__WHAT THE TASK ASKS__. Please give back, word for word, only the lines starting at the one containing "Elegant and provocative, this" and ending at the one containing "さらに新しい北上が50を超え、着々と装備も拡充されていっております。" within the material below.

__INPUT__.
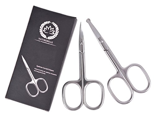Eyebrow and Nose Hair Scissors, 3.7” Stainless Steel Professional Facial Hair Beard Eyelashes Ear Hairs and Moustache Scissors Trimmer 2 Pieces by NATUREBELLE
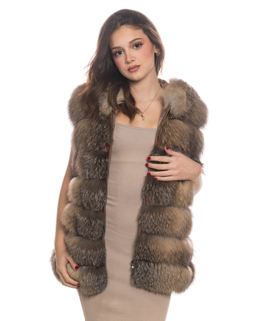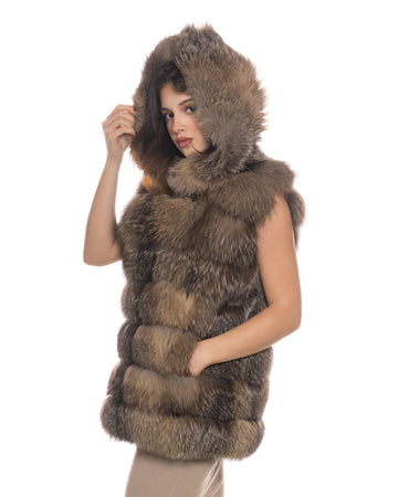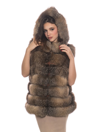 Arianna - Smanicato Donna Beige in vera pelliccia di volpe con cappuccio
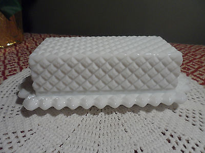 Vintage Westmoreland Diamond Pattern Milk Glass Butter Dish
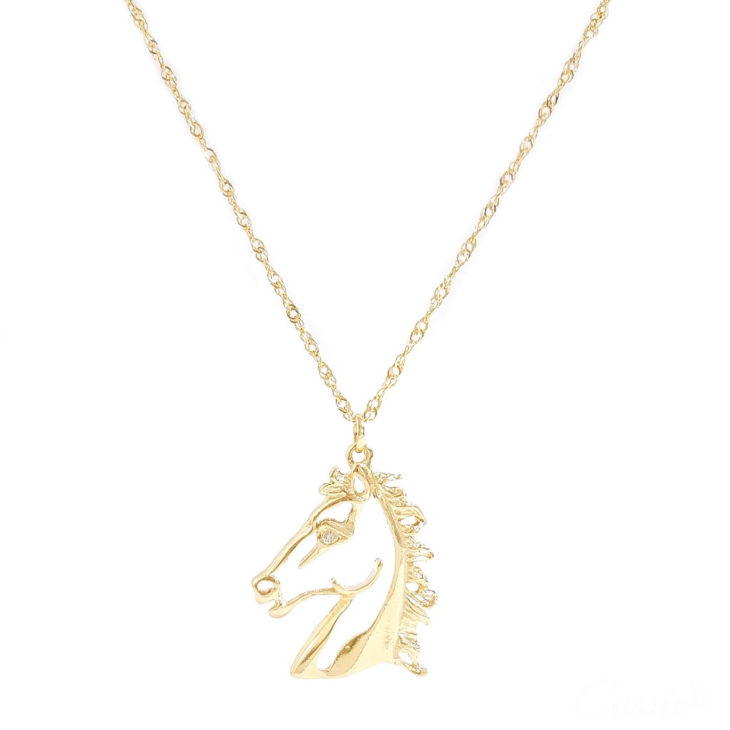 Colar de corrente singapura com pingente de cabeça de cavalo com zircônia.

--

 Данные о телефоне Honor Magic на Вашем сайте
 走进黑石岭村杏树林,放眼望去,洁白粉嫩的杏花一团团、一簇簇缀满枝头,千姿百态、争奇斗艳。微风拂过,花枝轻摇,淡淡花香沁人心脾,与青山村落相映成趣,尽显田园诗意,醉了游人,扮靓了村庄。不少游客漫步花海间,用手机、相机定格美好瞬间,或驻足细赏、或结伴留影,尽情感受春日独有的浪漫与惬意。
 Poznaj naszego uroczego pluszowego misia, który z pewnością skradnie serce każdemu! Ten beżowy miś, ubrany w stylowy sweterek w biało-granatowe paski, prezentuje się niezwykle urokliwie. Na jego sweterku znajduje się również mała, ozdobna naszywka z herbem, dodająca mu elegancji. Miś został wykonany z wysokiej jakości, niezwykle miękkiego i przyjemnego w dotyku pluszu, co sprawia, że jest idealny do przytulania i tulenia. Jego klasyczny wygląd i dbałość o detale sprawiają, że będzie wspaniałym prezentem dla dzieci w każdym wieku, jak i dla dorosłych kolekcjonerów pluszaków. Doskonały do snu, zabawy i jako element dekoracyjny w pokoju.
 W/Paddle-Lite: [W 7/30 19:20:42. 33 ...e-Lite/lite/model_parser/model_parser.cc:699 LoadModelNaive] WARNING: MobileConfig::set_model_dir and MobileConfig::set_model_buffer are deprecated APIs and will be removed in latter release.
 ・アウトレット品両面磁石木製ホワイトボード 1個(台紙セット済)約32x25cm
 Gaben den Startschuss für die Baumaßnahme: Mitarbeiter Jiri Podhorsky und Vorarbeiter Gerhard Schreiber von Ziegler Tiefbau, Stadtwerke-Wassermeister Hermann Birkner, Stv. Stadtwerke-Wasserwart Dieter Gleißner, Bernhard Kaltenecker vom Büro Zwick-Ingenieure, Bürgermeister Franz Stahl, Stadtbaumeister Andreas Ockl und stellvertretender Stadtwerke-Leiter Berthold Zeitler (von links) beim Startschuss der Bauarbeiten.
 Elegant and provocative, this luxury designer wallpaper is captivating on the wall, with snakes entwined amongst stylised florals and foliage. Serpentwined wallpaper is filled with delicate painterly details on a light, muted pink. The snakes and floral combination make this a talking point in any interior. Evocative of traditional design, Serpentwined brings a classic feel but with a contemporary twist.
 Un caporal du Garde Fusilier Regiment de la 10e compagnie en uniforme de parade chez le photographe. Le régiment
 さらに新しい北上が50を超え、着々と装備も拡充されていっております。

__OUTPUT FOR THIS TASK__.
 Elegant and provocative, this luxury designer wallpaper is captivating on the wall, with snakes entwined amongst stylised florals and foliage. Serpentwined wallpaper is filled with delicate painterly details on a light, muted pink. The snakes and floral combination make this a talking point in any interior. Evocative of traditional design, Serpentwined brings a classic feel but with a contemporary twist.
 Un caporal du Garde Fusilier Regiment de la 10e compagnie en uniforme de parade chez le photographe. Le régiment
 さらに新しい北上が50を超え、着々と装備も拡充されていっております。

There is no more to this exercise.